On a completely different note, Fogo Island is also believed to be a corner of the Earth by the Flat Earth Society. Okay.
Still… it was the neighbouring island and its sole town of Change Islands that truly captured my heart in the mere two days (minus the daytrip to Fogo) I was there. Far more tranquil and quiet, I got completely lost upon arrival and managed to drive down every single road on the islands. Not that I minded at all! Around every corner or hillcrest was yet another breathtaking scene of coastline and houses and shacks hanging over the edges, and every person I passed by — kids, adults, seniors — gave a friendly wave. But between B&B owner and Ontario-transplant David and his partner, Massachusetts-transplant Carl and his son Adam, and their local friends Basil and Cherry, I received an overwhelmingly immediate warm welcome. Nothing like a lovely dinner, sunset boat ride around the islands, great conversation, a fine view, and some good reading material to while away the evenings!

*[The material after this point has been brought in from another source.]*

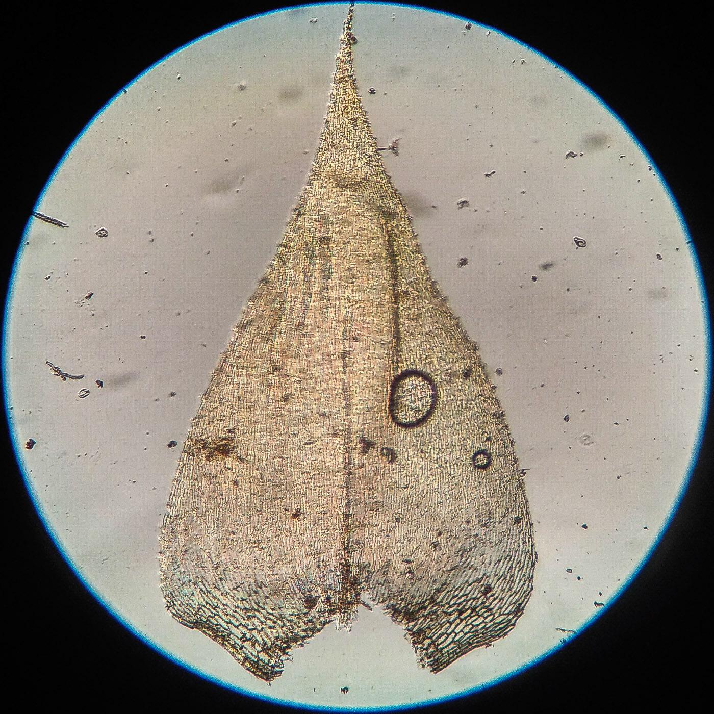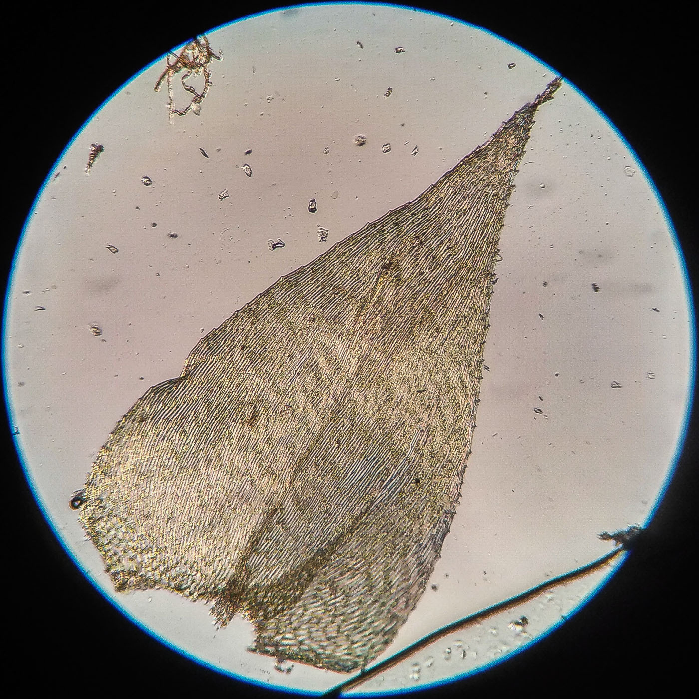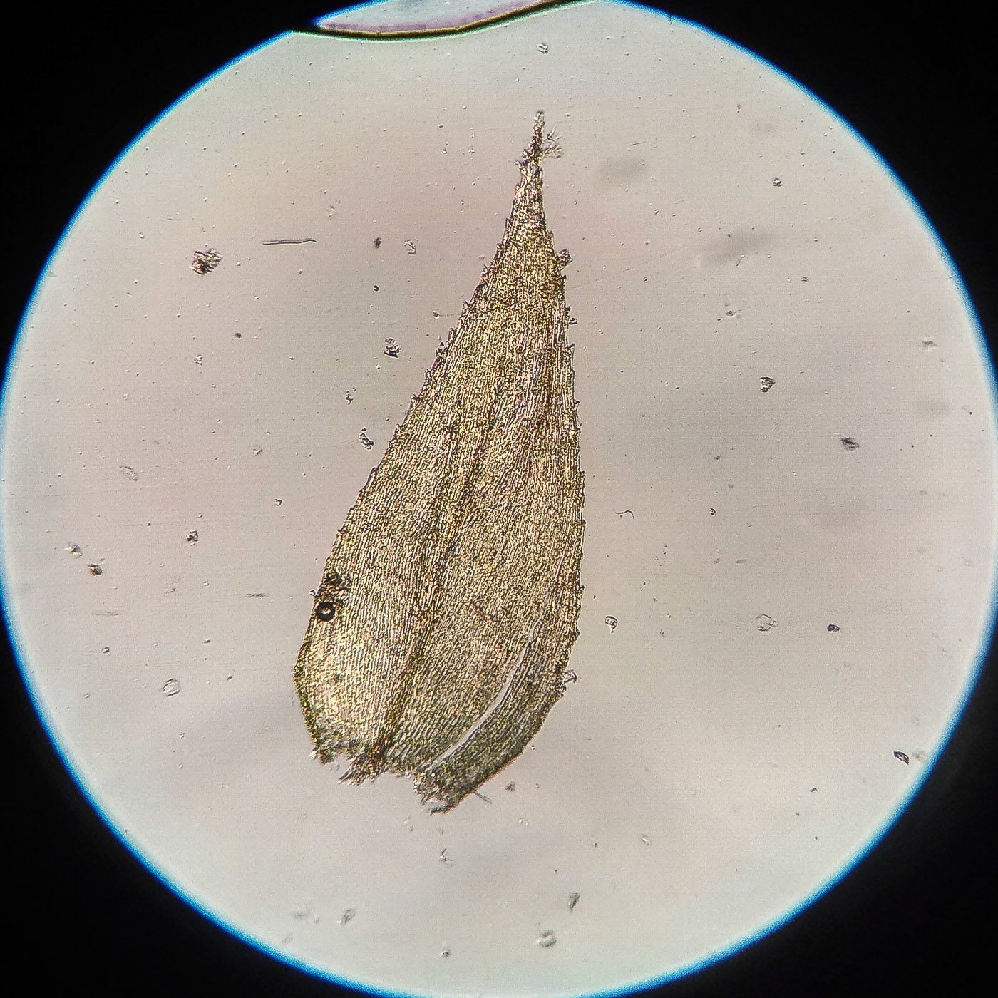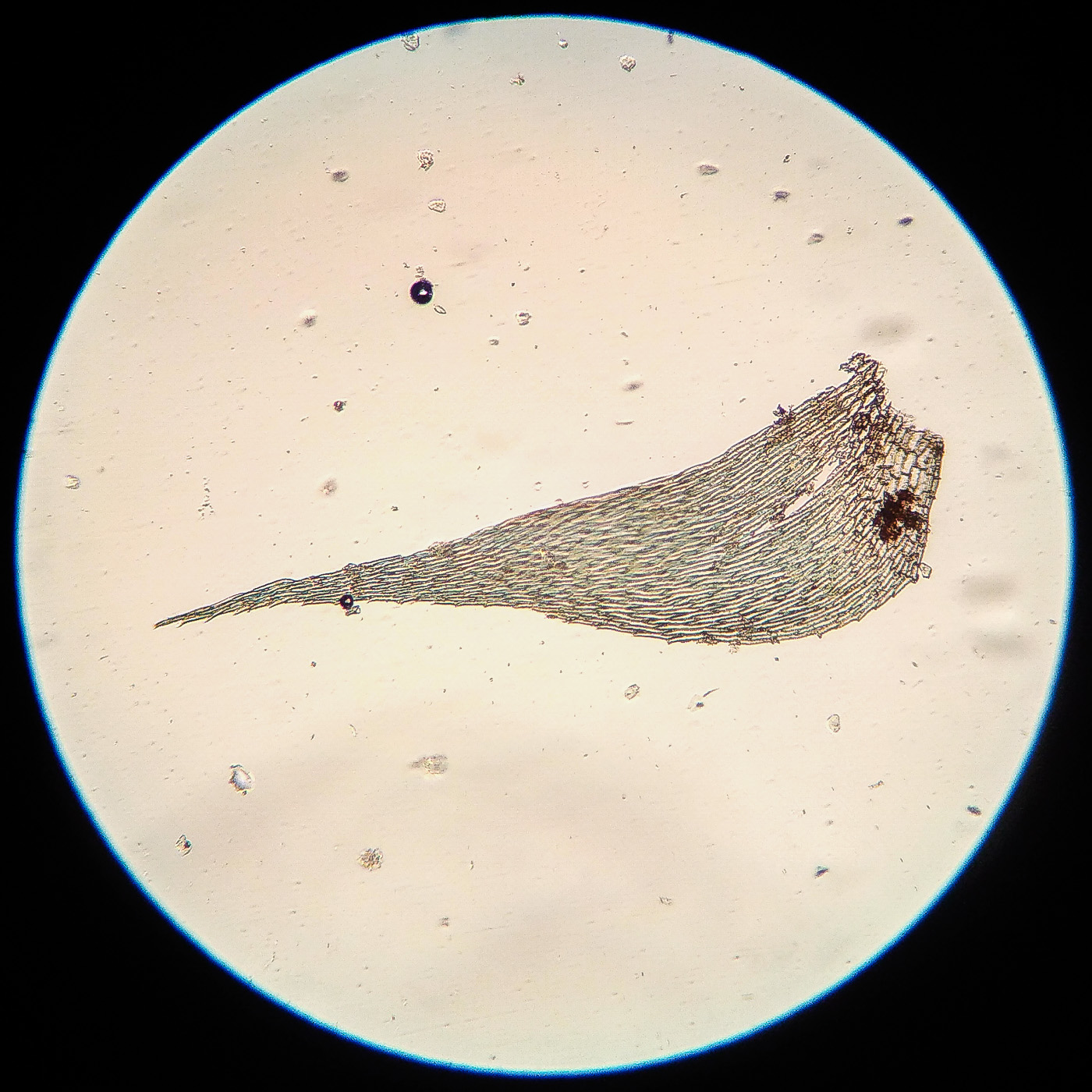 * клетки в середине листа линейные, извилистые, б.м толстостенные, к основанию постепенно более короткие и широкие, образующие б.м. прозрачную зону во всю ширину листа почти до жилки;

Trinity and Bonavista, Newfoundland and Labrador
I woke up early two consecutive mornings to hike the Skerwink Trail, next to the hostel I was staying at in Trinity East. It’s relatively undemanding, just under two hours long, incredibly scenic…and also incredibly empty, at this time of year. I ran into one single person on the trail, looking absolutely tiny standing on the edge of a cliff. We later ran into each other and hiked the rest of the trail together, picking wild blueberries along the way. Shrouded in the morning mist that first morning, the jagged, rocky coastline, the lightly obscured view of the little town of Trinity, the quickly-hiding stouts (kind of like large weasels), and the complete quiet of an empty trail gave an aura of mystery. The next morning, in full-on sunshine (and again empty), the same scenery looked vast and majestic. Crazy what a little weather does for you.